IBM / Multi-GNN

Multi-GNN architectures for Anti-Money Laundering.
Apache License 2.0
38 stars 16 forks source link

Multi-GNN

This repository contains all models and adaptations needed to run Multi-GNN for Anti-Money Laundering. The repository consists of four Graph Neural Network model classes (GIN, GAT, PNA, RGCN) and the below-described model adaptations utilized for financial crime detection in Egressy et al.. Note that this repository solely focuses on the Anti-Money Laundering use case. This repository has been created for experiments in Provably Powerful Graph Neural Networks for Directed Multigraphs [AAAI 2024] and Realistic Synthetic Financial Transactions for Anti-Money Laundering Models [NeurIPS 2023].

Setup

To use the repository, you first need to install the conda environment via

conda env create -f env.yml

Then, the data needed for the experiments can be found on Kaggle. To use this data with the provided training scripts, you first need to perform a pre-processing step for the downloaded transaction files (e.g. HI-Small_Trans.csv):

python format_kaggle_files.py /path/to/kaggle-files/HI-Small_Trans.csv

Make sure to change the filepaths in the data_config.json file. The aml_data path should be changed to wherever you stored the formatted_transactions.csv file generated by the pre-processing step.

Usage

To run the experiments you need to run the main.py function and specify any arguments you want to use. There are two required arguments, namely --data and --model. For the --data argument, make sure you store the different datasets in different folders. Then, specify the folder name, e.g --data Small_HI. The --model parameter should be set to any of the model classed that are available, i.e. to one of --model [gin, gat, rgcn, pna]. Thus, to run a standard GNN, you need to run, e.g.:

python main.py --data Small_HI --model gin

Then you can add different adaptations to the models by selecting the respective arguments from:

| Argument | Description | | -------------- | ---------------------------- | | `--emlps` | Edge updates via MLPs | | `--reverse_mp` | Reverse Message Passing | | `--ego` | Ego ID's to the center nodes | | `--ports` | Port Numberings for edges |

Thus, to run Multi-GIN with edge updates, you would run the following command:

python main.py --data Small_HI --model gin --emlps --reverse_mp --ego --ports

Additional functionalities

There are several arguments that can be set for additional functionality. Here's a list with them:

| Argument | Description | | -------------- | ---------------------------------------------------------------------------------------------------------------------------------------------------------| | `--tqdm` | Displays a progress bar during training and inference. | | `--save_model` | Saves the best model to the specified `model_to_save` path in the `data_config.json` file.

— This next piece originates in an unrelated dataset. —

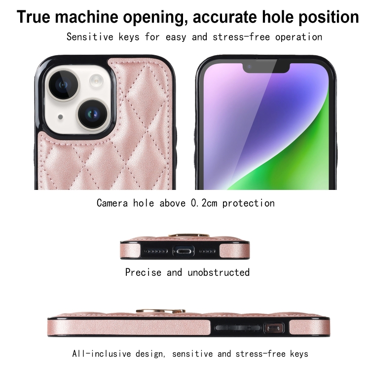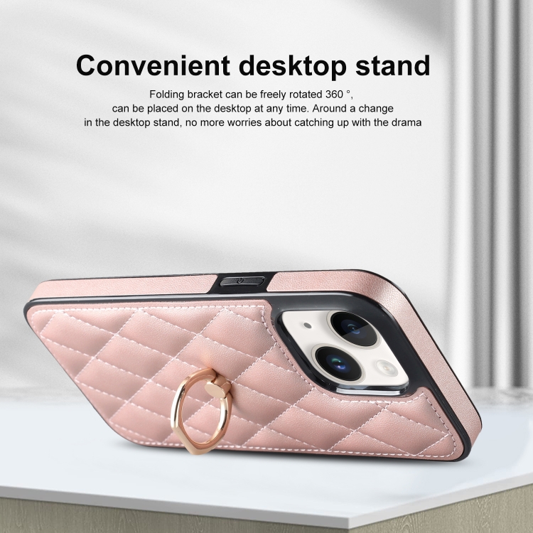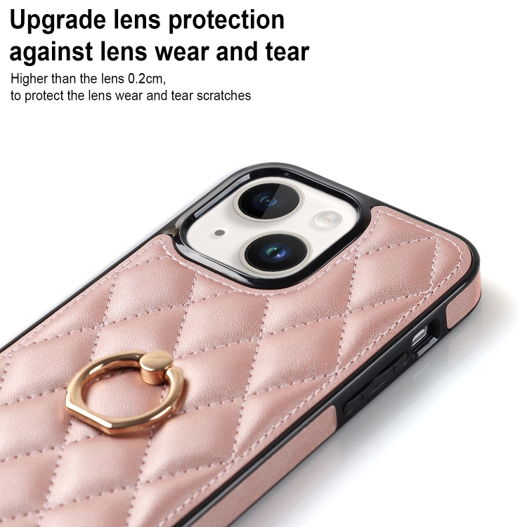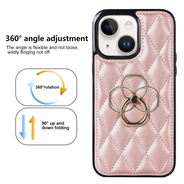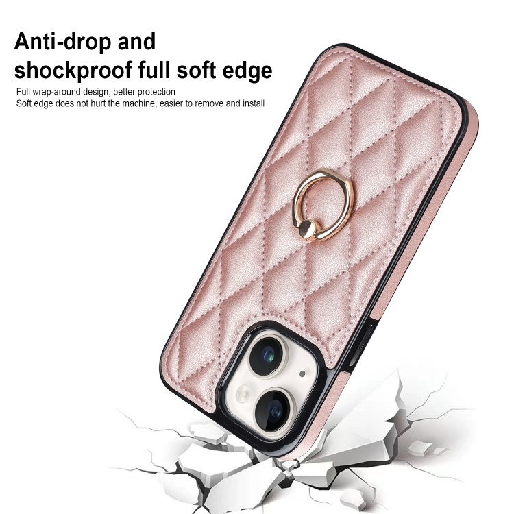 Estuche de teléfono iPhone 14 Cuero PU Rómbico con soporte para anillo (Oro Rosa)

Requires argment `--unique_name` to be specified. | | `--finetune` | Loads a previously trained model (with name given by `--unique_name` and stored in `model_to_load` path in the `data_config.json`) to be finetuned. | | `--inference` | Loads a previously trained model (with name given by `--unique_name` and stored in `model_to_load` path in the `data_config.json`) to do inference only. |

Licence

Apache License Version 2.0, January 2004